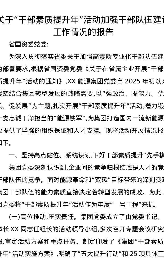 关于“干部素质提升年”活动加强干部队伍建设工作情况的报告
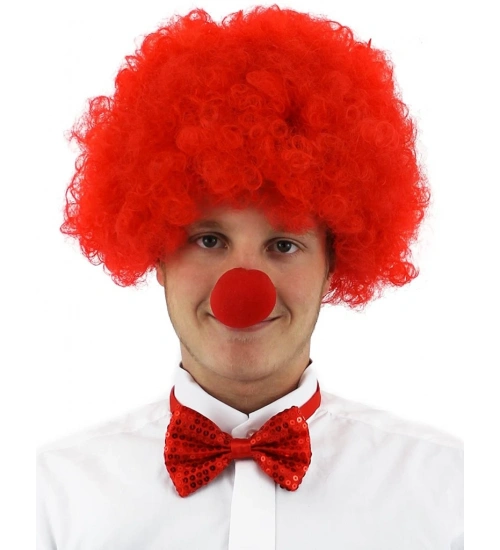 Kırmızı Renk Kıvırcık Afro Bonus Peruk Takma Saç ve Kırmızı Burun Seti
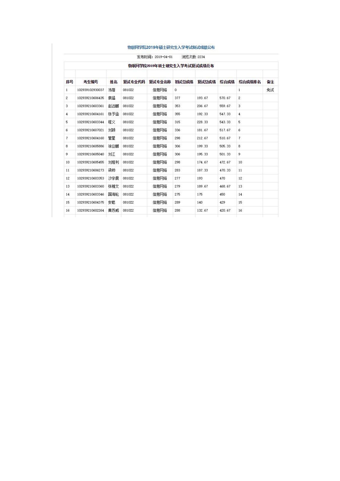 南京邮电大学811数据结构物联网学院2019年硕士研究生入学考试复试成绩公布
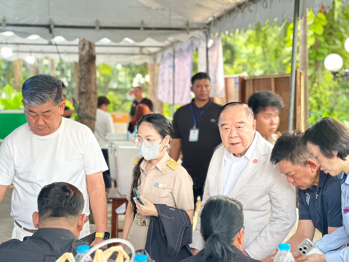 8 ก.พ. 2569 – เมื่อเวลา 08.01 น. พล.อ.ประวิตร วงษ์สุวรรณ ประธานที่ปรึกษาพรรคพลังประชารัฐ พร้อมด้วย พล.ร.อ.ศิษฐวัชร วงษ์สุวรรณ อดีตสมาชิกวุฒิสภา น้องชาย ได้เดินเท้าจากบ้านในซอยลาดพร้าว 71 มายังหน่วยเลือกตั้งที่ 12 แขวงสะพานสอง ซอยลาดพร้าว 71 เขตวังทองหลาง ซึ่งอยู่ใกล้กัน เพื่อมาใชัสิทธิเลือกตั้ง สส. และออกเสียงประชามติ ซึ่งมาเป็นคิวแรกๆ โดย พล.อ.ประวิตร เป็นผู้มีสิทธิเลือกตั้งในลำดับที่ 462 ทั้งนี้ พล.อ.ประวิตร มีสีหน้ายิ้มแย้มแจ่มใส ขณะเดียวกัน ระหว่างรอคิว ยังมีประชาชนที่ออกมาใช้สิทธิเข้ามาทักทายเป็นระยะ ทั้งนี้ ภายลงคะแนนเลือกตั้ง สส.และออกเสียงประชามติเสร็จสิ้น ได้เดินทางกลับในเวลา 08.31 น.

- - - - - - -

**What is required**. Write out exactly the lines from the line containing "南京邮电大学811数据结构物联网学院2019年硕士研究生入学考试复试成绩公布" through the last line of the listing above, please, and leave out any pictures.

**Answer below**.
 南京邮电大学811数据结构物联网学院2019年硕士研究生入学考试复试成绩公布
 8 ก.พ. 2569 – เมื่อเวลา 08.01 น. พล.อ.ประวิตร วงษ์สุวรรณ ประธานที่ปรึกษาพรรคพลังประชารัฐ พร้อมด้วย พล.ร.อ.ศิษฐวัชร วงษ์สุวรรณ อดีตสมาชิกวุฒิสภา น้องชาย ได้เดินเท้าจากบ้านในซอยลาดพร้าว 71 มายังหน่วยเลือกตั้งที่ 12 แขวงสะพานสอง ซอยลาดพร้าว 71 เขตวังทองหลาง ซึ่งอยู่ใกล้กัน เพื่อมาใชัสิทธิเลือกตั้ง สส. และออกเสียงประชามติ ซึ่งมาเป็นคิวแรกๆ โดย พล.อ.ประวิตร เป็นผู้มีสิทธิเลือกตั้งในลำดับที่ 462 ทั้งนี้ พล.อ.ประวิตร มีสีหน้ายิ้มแย้มแจ่มใส ขณะเดียวกัน ระหว่างรอคิว ยังมีประชาชนที่ออกมาใช้สิทธิเข้ามาทักทายเป็นระยะ ทั้งนี้ ภายลงคะแนนเลือกตั้ง สส.และออกเสียงประชามติเสร็จสิ้น ได้เดินทางกลับในเวลา 08.31 น.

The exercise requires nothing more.